ALL of these mean: STOP. Return to Phase 1.
Common Rationalizations
Excuse Reality
"Works in the playground" Playground tests 3-5 cases. Production sees thousands of edge cases.
"Simple prompt, no eval needed" Simple prompts fail on edge cases you haven't imagined. Evaluate.
"We'll add tests later" Later means after the first production incident. Test now.
"Same prompt works across models" Models have different behaviors. Re-evaluate on every model change.
"Just add more few-shot examples" More examples without evaluation is guess-and-check. Measure first.
"Users won't try to break it" Users will absolutely try to break it. Test adversarial inputs.
"Cost doesn't matter" Cost scales with traffic. A 2x token reduction saves thousands.
"Bigger model fixes everything" Bigger model with a bad prompt is still bad. Fix the prompt.
"LLM evaluation is unreliable" LLM-as-judge with good rubrics correlates well with human eval. Calibrate it.
"Prompt engineering isn't real engineering" Untested prompts are untested code. Same discipline applies.
Anti-Patterns
Anti-Pattern Consequence Correct Approach
Untested prompts in production Silent failures, inconsistent outputs, user complaints Evaluation dataset, automated testing
No evaluation metrics Can't measure improvement, can't detect regression Define metrics per task type, track over time
Prompt injection vulnerabilities Data leaks, unauthorized actions, system prompt exposure Input sanitization, output validation, adversarial testing
Vibes-based tuning Fixes one case, breaks three others Systematic evaluation, regression testing
No versioning Can't rollback, can't compare, can't reproduce Version control prompts like code
Model coupling Prompt breaks on model update or migration Test across model versions, abstract model-specific syntax
Quick Reference
Phase Key Activities Success Criteria
-
Design Define task, select pattern, structure prompt, design output Clear prompt with explicit constraints
-
Anthropic XML tags, prefilling, caching, extended thinking Model-specific optimizations applied
-
RAG Retrieval testing, context management, grounding Faithful, cited, hallucination-resistant
-
Evaluation Build eval set, define metrics, test failure modes Meets accuracy targets, handles edge cases
-
Operations Version, A/B test, optimize cost, secure Versioned, monitored, cost-efficient, secure
Verification Checklist
Before deploying any prompt to production:
-
Task precisely defined with valid/invalid output examples
-
Prompt pattern selected with justification
-
Output format specified and constrained
-
Evaluation dataset created (minimum 20-50 examples)
-
Metrics defined and measured
-
Evaluation results meet defined thresholds
-
Adversarial inputs tested (prompt injection, edge cases)
-
Prompt versioned in source control
-
Token usage and cost measured
-
Model-specific optimizations applied (caching, prefilling)
-
Security review completed (no prompt leakage, input sanitized)
-
Rollback plan in place (previous prompt version ready)
Can't check all boxes?

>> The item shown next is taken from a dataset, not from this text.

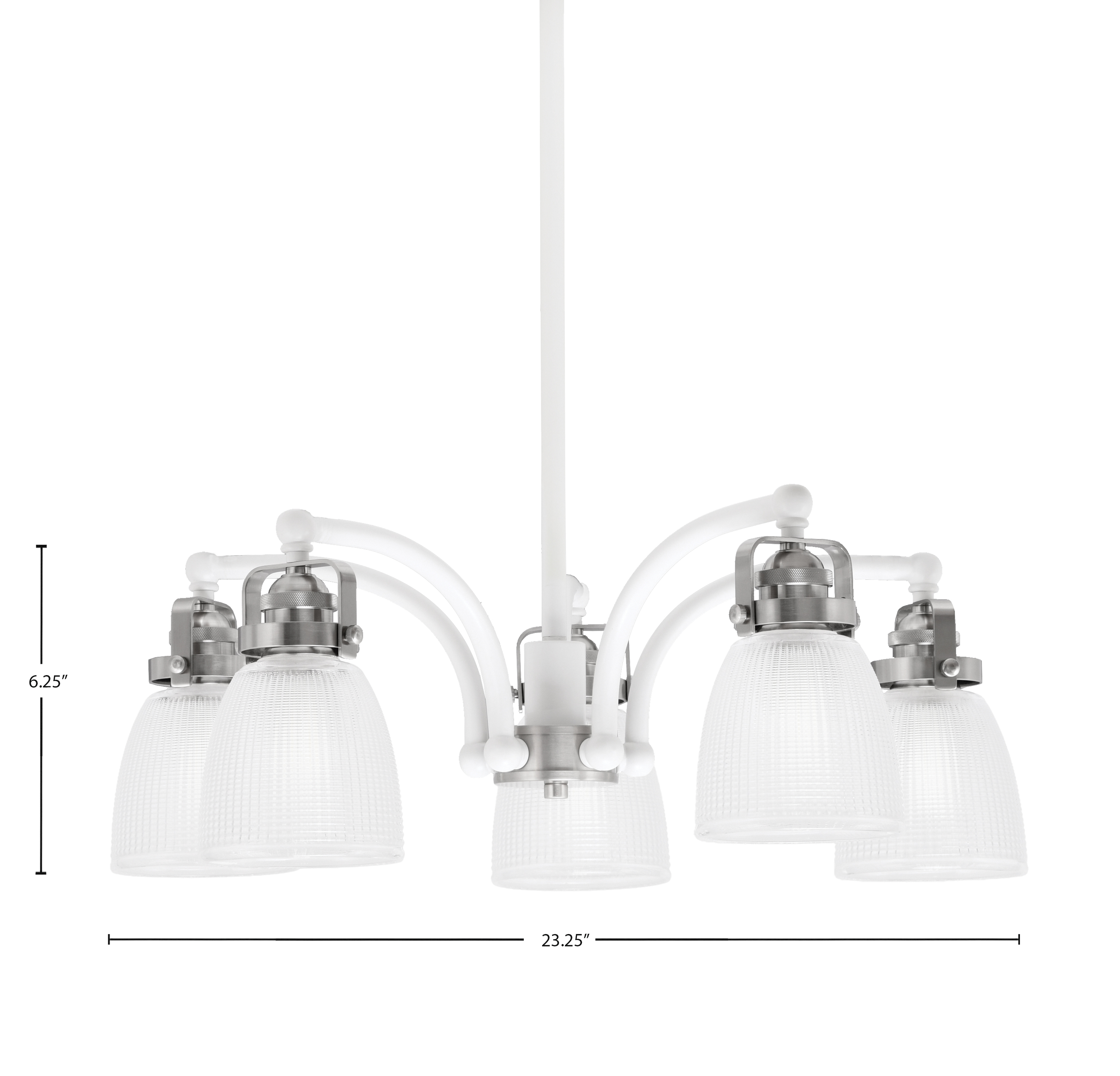 Toltec Lighting 1945-WHBN-500 Easton 5 Light, Downlight, Chandelier, White & Brushed Nickel Finish, 5″ Clear Ribbed Glass

You're not ready to deploy.
Integration with Other Skills
This skill requires using:
- test-driven-development - REQUIRED for building evaluation datasets and writing automated prompt tests
Complementary skills:
-
documentation-generation - Document prompt design decisions, evaluation results, and versioning strategy
-
systematic-debugging - Use when prompt behavior is inconsistent or outputs are unexpected
Final Rule
No eval dataset → no production deployment No metrics → no "improvement" No version control → no prompt changes
Design. Test. Evaluate. Version. Deploy. Monitor. In that order. Always.